"With children's shows, when the cameras aren't on, we were doing all these rude things with puppets," said Gemini award-winning Gosley, who stuck his hand up a few backsides (puppet backsides that is) during his time on children's classics like Fraggle Rock and Sesame Street.
Yes Victoria, not all puppets are the demure, brightly coloured rhyming friends-with-everyone stereotypes we love to see on television or on the big screen. After all, it was only last year when Team America, the feature film from the creators of TV's South Park. stirred the censor pot with a scene showing simulated oral sex between marionettes.
Maybe the ills of society have finally taken their toll on the happy-go-lucky bunch that used to make up the puppet world. Or maybe they're just sick of competing with all the computer animation that's taking over television and film. Whatever the reason, puppets have turned the tables on characters like Big-Bird and the Cookie Monster.
The latest breed of puppets are characters like Rocko, who shows up weekly on the Canadian television comedy series Puppets Who Kill. The show, which is up for best comedy series at this year's Gemini Awards, explores four incorrigible puppets whose careers plummeted due to unseemly and criminal behaviour.
While these characters are a far cry from Lamb Chop or Howdy Dowdy, they are indeed here to stay. And it's about time, said Theatre Inconnu artistic director Clayton Jevne, who has incorporated puppets into his theatre productions for more than 20 years.
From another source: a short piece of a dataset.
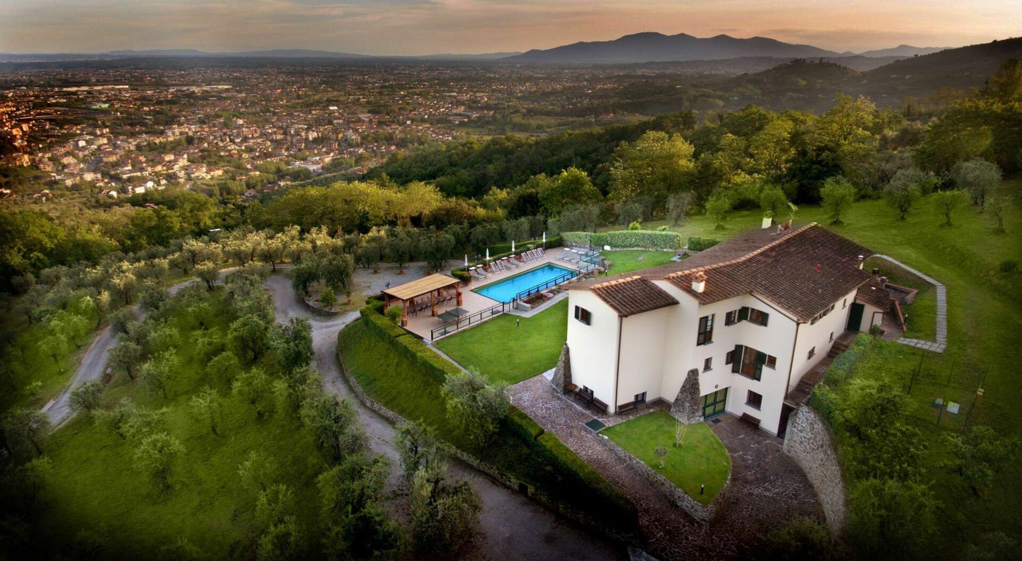Die Villa befindet sich auf einem Hügel mit einer Fläche von 10 Hektar. Der riesige Olivenhain, der Garten, die Obstplantagen und der Wald befindet sich um das Haus.

"In Europe it's always been an all-age thing," Jevne said. "There's shows for kids of course, but the big exciting draw for people is the adult stuff and people go crazy over it."
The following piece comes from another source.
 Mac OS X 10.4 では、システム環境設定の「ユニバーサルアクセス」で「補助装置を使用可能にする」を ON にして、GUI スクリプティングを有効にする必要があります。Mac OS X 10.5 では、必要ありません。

"For kids, if you want them to know it's a nasty puppet then you're going to make it look really nasty. The more sophisticated your audience is, the more subtle you want the art form to be so the audience can get the feeling of having achieved something."
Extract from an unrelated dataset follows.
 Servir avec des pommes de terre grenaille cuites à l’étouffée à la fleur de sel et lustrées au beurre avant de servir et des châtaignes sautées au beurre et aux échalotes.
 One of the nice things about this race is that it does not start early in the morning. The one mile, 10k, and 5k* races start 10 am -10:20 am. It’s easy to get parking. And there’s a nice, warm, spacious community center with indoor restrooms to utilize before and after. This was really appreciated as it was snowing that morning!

Gosley is currently working on bringing another adult puppet show to the small screen. Joe Spleck: Dead Detective, which was recently screened in Cannes at the the World's AudioVisual Content Market (the Cannes Film Festival equivalent for TV). Gosley created the show with the help of two Toronto production companies and honed his writing, acting and puppet-making skills for the first 15-minute pilot episode. He's hoping networks will scoop it up so it can become the next puppet hit.
If the show gets picked up, he imagines it will be aimed at the 12 to 35 audience demographic, depending on what direction he takes. But that can easily change.